*** INFORMATION SHOWN Section Begins ***

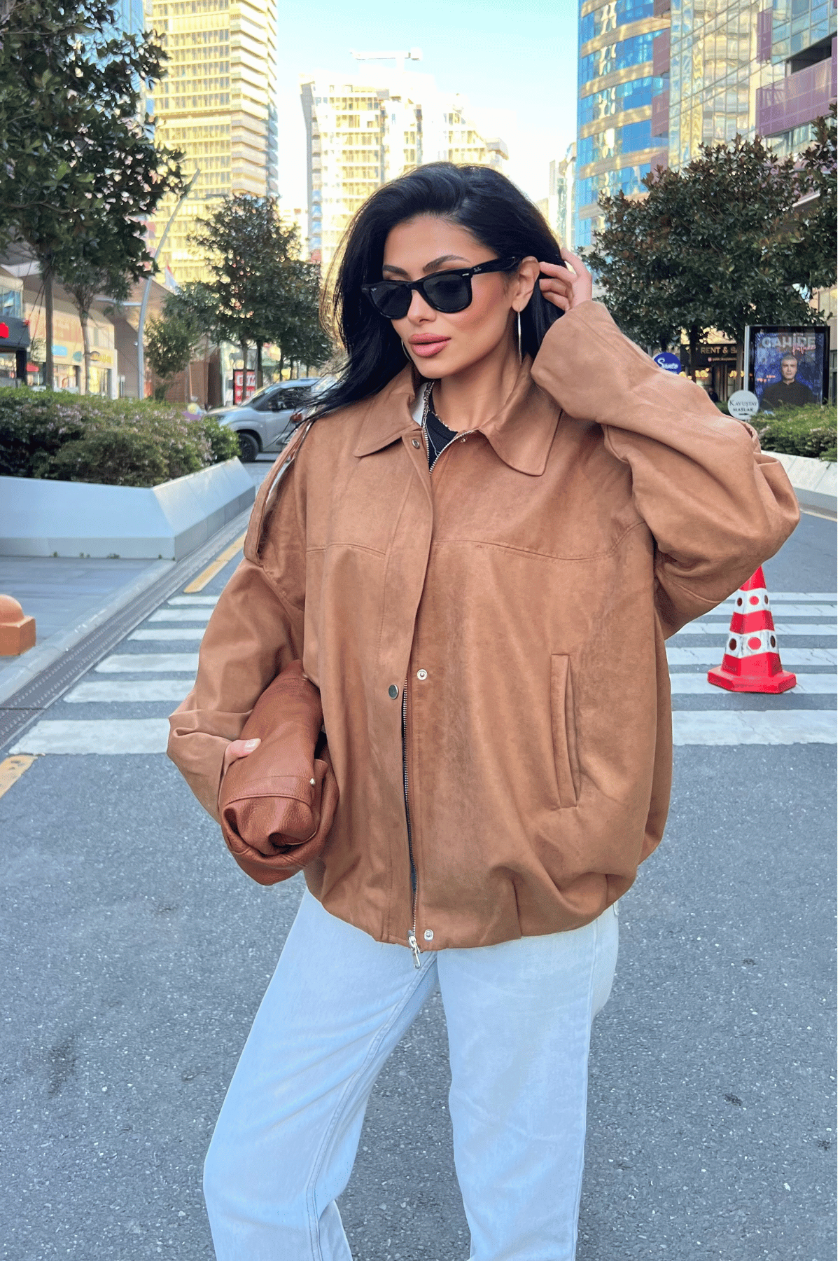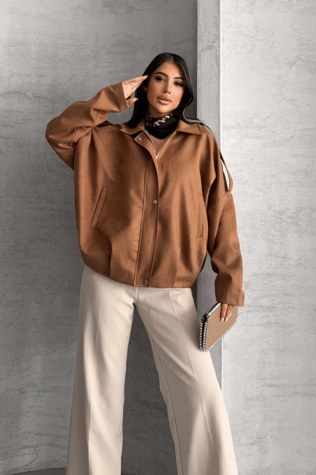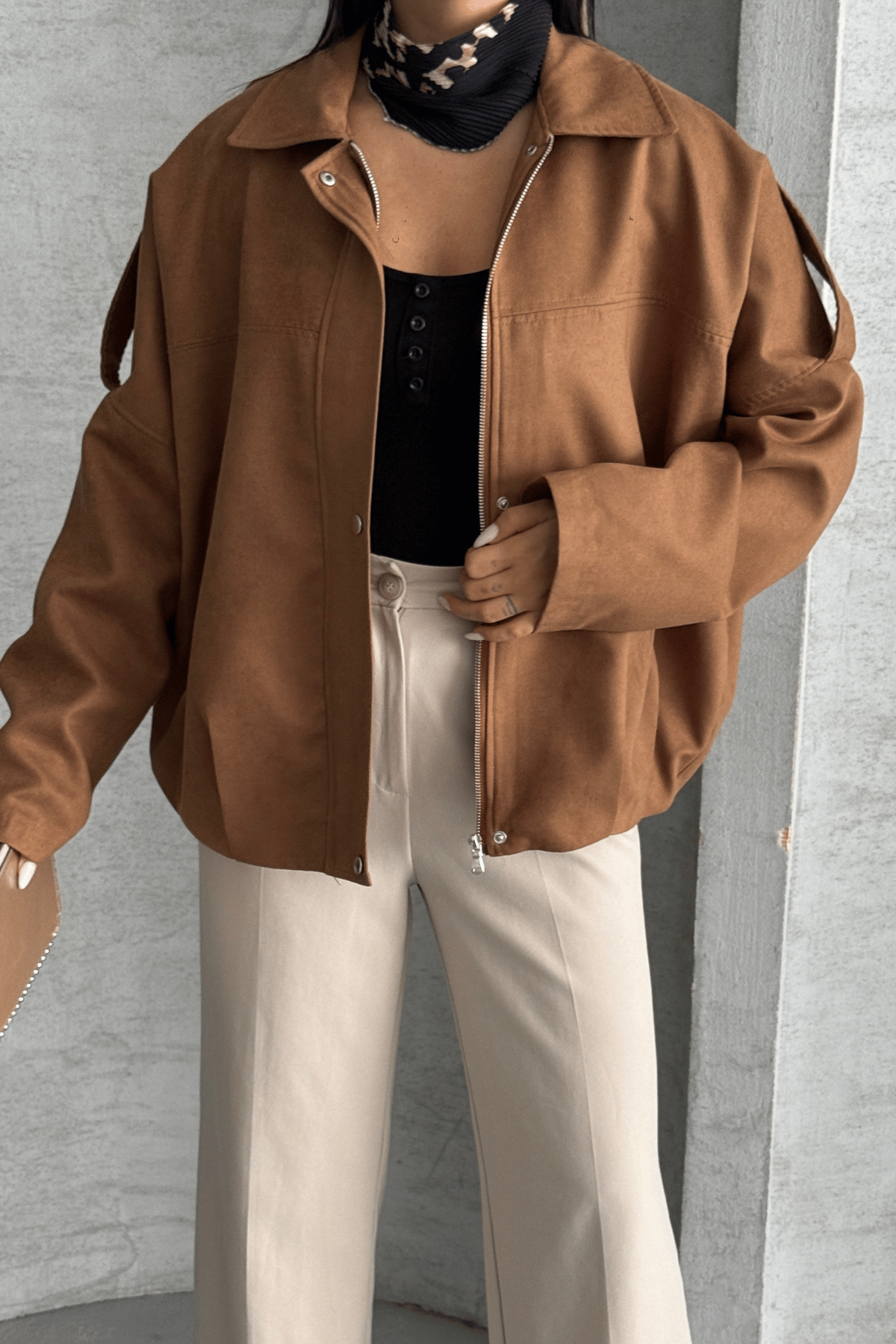 Dokuma Süet Kumaş Apoletli Bomber Ceket - AÇIK KAHVE (GYM-2522-AÇIK KAHVE)
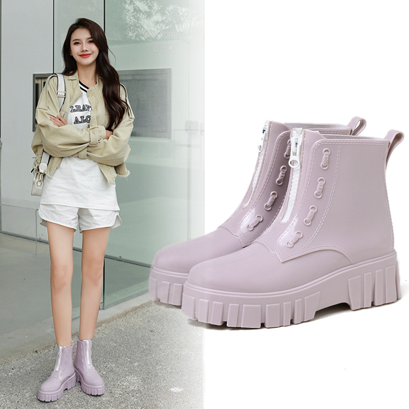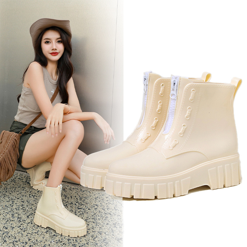 2025新款时尚潮流厚底雨鞋女款防水中筒防滑果冻软底雨靴女夏外穿
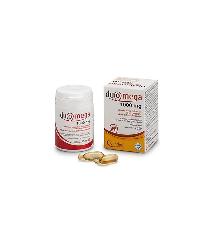 ? possibile suddividere la razione giornaliera complessiva in due somministrazioni. Aprire la capsula e miscelarne il contenuto alla consueta razione alimentare. La capsula pu? anche essere somministrata intera direttamente all'animale. La somministrazione di Duomega 1000 mg cani pu? essere protratta per lunghi periodi di tempo.
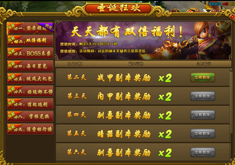 活动规则:活动期间,对应副本奖励或者杀怪经验会获得双倍奖励;
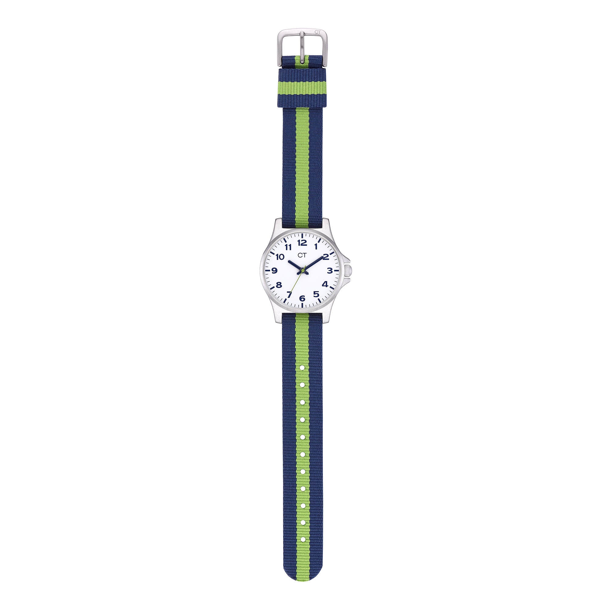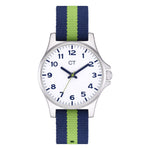 Diese schöne Kinderuhr der Marke Cool Time lässt Kinder-Herzen höher schlagen. Neben dem mit viel Liebe zum Detail entworfenen Streifen-Design wurde bei der Entwicklung auch auf die Qualität besonders viel Wert gelegt. So ist die Kinderuhr mit Textilband schadstoffgeprüft, widerstandsfähig und sehr komfortabel zu tragen. Dank klarer Zahlen und präzisen Minuteneinteilungen wird das Erlernen der Uhrzeit zum Kinderspiel. Ein zuverlässiges Quarzwerk und kratzunempfindliches Mineralglas runden die Kinderuhr optimal ab. Verpackt im coolen Mäppchen ist die Uhr ein ideales Geschenk und sorgt auch in der Schule für "Cool Time".

*** INFORMATION SHOWN Section Ends ***

• [WHAT TO WORK ON]: Copy the lines above exactly and exclude every image.

• [TASK OUTPUT]:
 Dokuma Süet Kumaş Apoletli Bomber Ceket - AÇIK KAHVE (GYM-2522-AÇIK KAHVE)
 2025新款时尚潮流厚底雨鞋女款防水中筒防滑果冻软底雨靴女夏外穿
 ? possibile suddividere la razione giornaliera complessiva in due somministrazioni. Aprire la capsula e miscelarne il contenuto alla consueta razione alimentare. La capsula pu? anche essere somministrata intera direttamente all'animale. La somministrazione di Duomega 1000 mg cani pu? essere protratta per lunghi periodi di tempo.
 活动规则:活动期间,对应副本奖励或者杀怪经验会获得双倍奖励;
 Diese schöne Kinderuhr der Marke Cool Time lässt Kinder-Herzen höher schlagen. Neben dem mit viel Liebe zum Detail entworfenen Streifen-Design wurde bei der Entwicklung auch auf die Qualität besonders viel Wert gelegt. So ist die Kinderuhr mit Textilband schadstoffgeprüft, widerstandsfähig und sehr komfortabel zu tragen. Dank klarer Zahlen und präzisen Minuteneinteilungen wird das Erlernen der Uhrzeit zum Kinderspiel. Ein zuverlässiges Quarzwerk und kratzunempfindliches Mineralglas runden die Kinderuhr optimal ab. Verpackt im coolen Mäppchen ist die Uhr ein ideales Geschenk und sorgt auch in der Schule für "Cool Time".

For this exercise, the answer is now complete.